━━ Material provided ━━

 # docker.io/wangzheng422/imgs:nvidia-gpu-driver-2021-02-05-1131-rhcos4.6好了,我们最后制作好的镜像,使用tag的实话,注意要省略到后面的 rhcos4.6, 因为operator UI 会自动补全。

━━━
━━ Material provided ━━

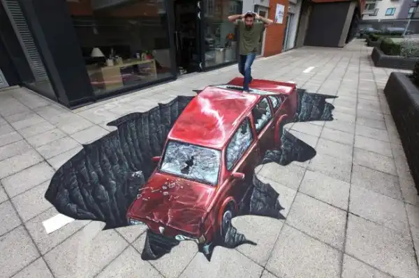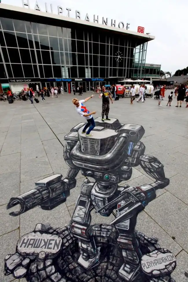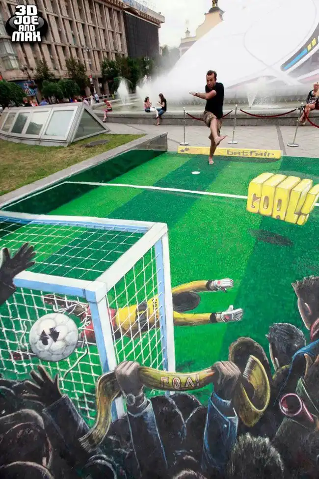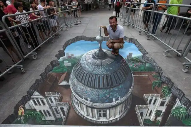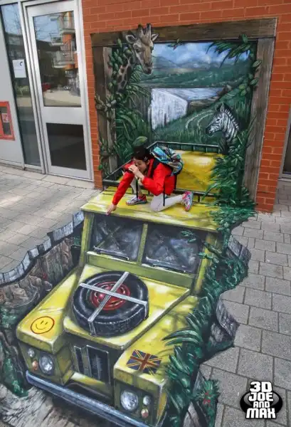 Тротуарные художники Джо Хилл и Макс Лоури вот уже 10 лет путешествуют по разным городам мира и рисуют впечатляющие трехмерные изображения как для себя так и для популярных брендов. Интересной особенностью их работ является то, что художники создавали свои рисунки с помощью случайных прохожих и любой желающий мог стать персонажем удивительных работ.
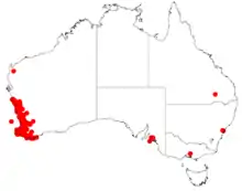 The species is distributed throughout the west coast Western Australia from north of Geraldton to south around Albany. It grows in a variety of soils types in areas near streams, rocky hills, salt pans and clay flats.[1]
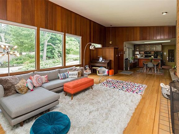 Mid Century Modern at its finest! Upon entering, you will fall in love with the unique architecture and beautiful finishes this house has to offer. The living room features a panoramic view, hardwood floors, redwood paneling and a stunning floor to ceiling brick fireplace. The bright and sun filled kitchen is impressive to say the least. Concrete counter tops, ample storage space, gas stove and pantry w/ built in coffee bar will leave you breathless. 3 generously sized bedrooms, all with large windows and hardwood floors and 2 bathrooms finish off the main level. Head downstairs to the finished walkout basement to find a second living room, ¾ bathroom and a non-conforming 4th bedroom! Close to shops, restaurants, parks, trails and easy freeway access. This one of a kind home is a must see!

━━━
━━ Material provided ━━

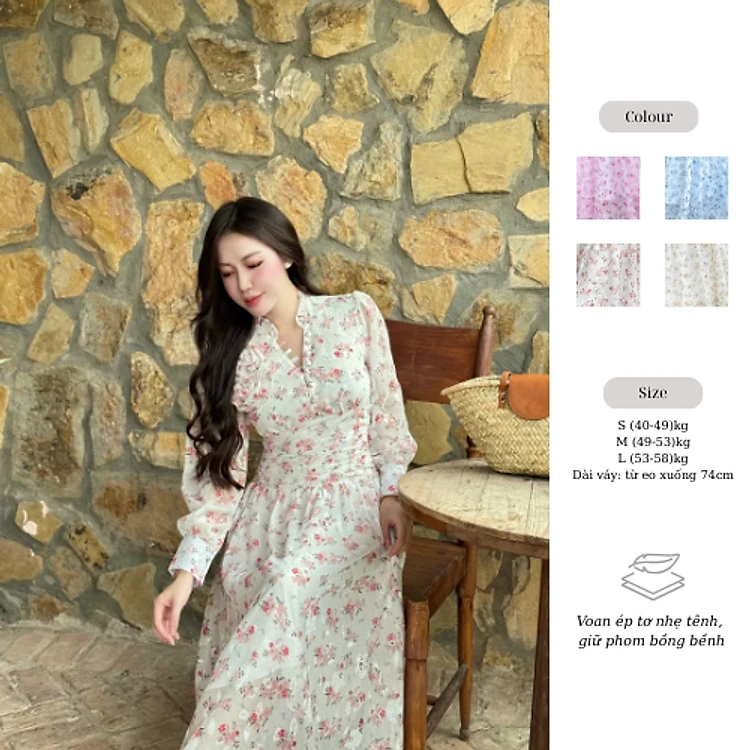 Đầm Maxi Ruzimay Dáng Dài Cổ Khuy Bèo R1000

━━━

Pictures excluded, transcribe the listing above exactly from the line with "The species is" through the line with "Mid Century Modern", and no further.

 The species is distributed throughout the west coast Western Australia from north of Geraldton to south around Albany. It grows in a variety of soils types in areas near streams, rocky hills, salt pans and clay flats.[1]
 Mid Century Modern at its finest! Upon entering, you will fall in love with the unique architecture and beautiful finishes this house has to offer. The living room features a panoramic view, hardwood floors, redwood paneling and a stunning floor to ceiling brick fireplace. The bright and sun filled kitchen is impressive to say the least. Concrete counter tops, ample storage space, gas stove and pantry w/ built in coffee bar will leave you breathless. 3 generously sized bedrooms, all with large windows and hardwood floors and 2 bathrooms finish off the main level. Head downstairs to the finished walkout basement to find a second living room, ¾ bathroom and a non-conforming 4th bedroom! Close to shops, restaurants, parks, trails and easy freeway access. This one of a kind home is a must see!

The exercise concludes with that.